** Opening Provided material block **

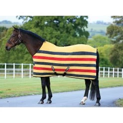 Die Rambo Deluxe Fleece ist fut für das wunderschöne, klassiche Design und die exzellenten thermischen und Feuchtigkeit absorbierenden Eigenschaften bekannt. Eigenschaften dieses Utensils für die Sattelkammer sind der klassische Schnitt, der doppelte Frontverschluss und die sichere Kreuzbegurtung. Dieses Fleece aus super Qualität transportiert Feuchtigkeit vom Pferd ab, hält es warm und ermöglicht dennoch eine Abkühlung. Die Rambo Deluxe Fleece ist für den Transport sowie für den Gebrauch im Stall geeignet und kann problemlos mit allen anderen Rambo Accessoires kombiniert werden.
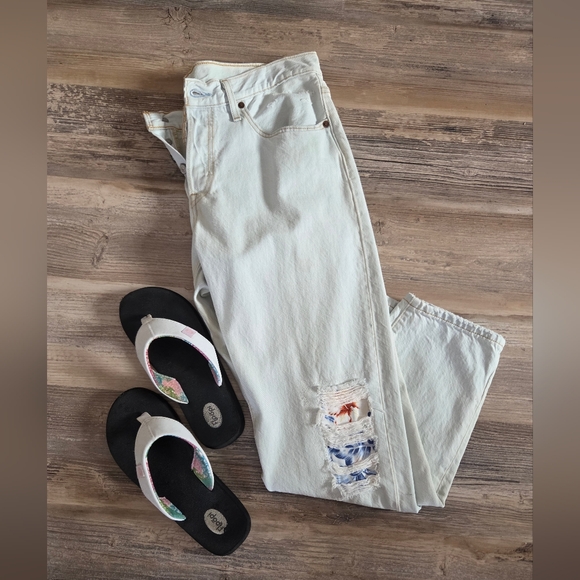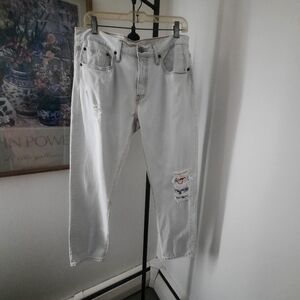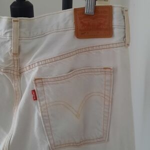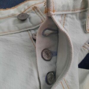 Ladies Vintage Levis 501. Original "button fly" closure, red label and brown patch on back of jeans. Original printed cloth under cut pant leg. 100 percent cotton. 31x28 waist and length. Light brown stitching looks very nice with faded blue color of the jeans. Faded blue is the color, not white.
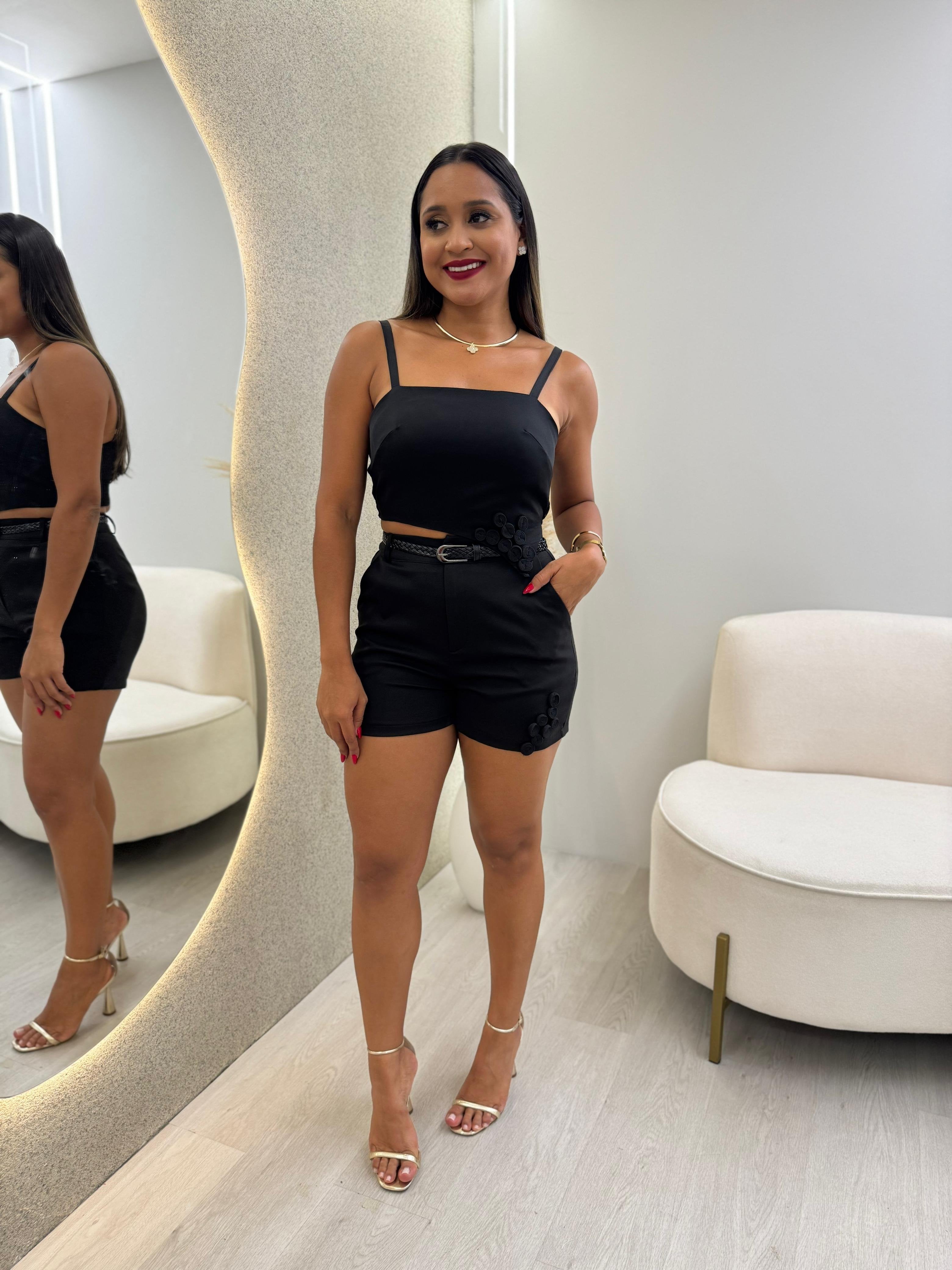 CONJUNTO FEMININO EM ALFAIATARIA LINDA MOÇA EXCLUSIVE CAMILE PRETO

** Closing Provided material block **

Assignment: Would you print the whole listing exactly, omitting the pictures?

Finished task:
 Die Rambo Deluxe Fleece ist fut für das wunderschöne, klassiche Design und die exzellenten thermischen und Feuchtigkeit absorbierenden Eigenschaften bekannt. Eigenschaften dieses Utensils für die Sattelkammer sind der klassische Schnitt, der doppelte Frontverschluss und die sichere Kreuzbegurtung. Dieses Fleece aus super Qualität transportiert Feuchtigkeit vom Pferd ab, hält es warm und ermöglicht dennoch eine Abkühlung. Die Rambo Deluxe Fleece ist für den Transport sowie für den Gebrauch im Stall geeignet und kann problemlos mit allen anderen Rambo Accessoires kombiniert werden.
 Ladies Vintage Levis 501. Original "button fly" closure, red label and brown patch on back of jeans. Original printed cloth under cut pant leg. 100 percent cotton. 31x28 waist and length. Light brown stitching looks very nice with faded blue color of the jeans. Faded blue is the color, not white.
 CONJUNTO FEMININO EM ALFAIATARIA LINDA MOÇA EXCLUSIVE CAMILE PRETO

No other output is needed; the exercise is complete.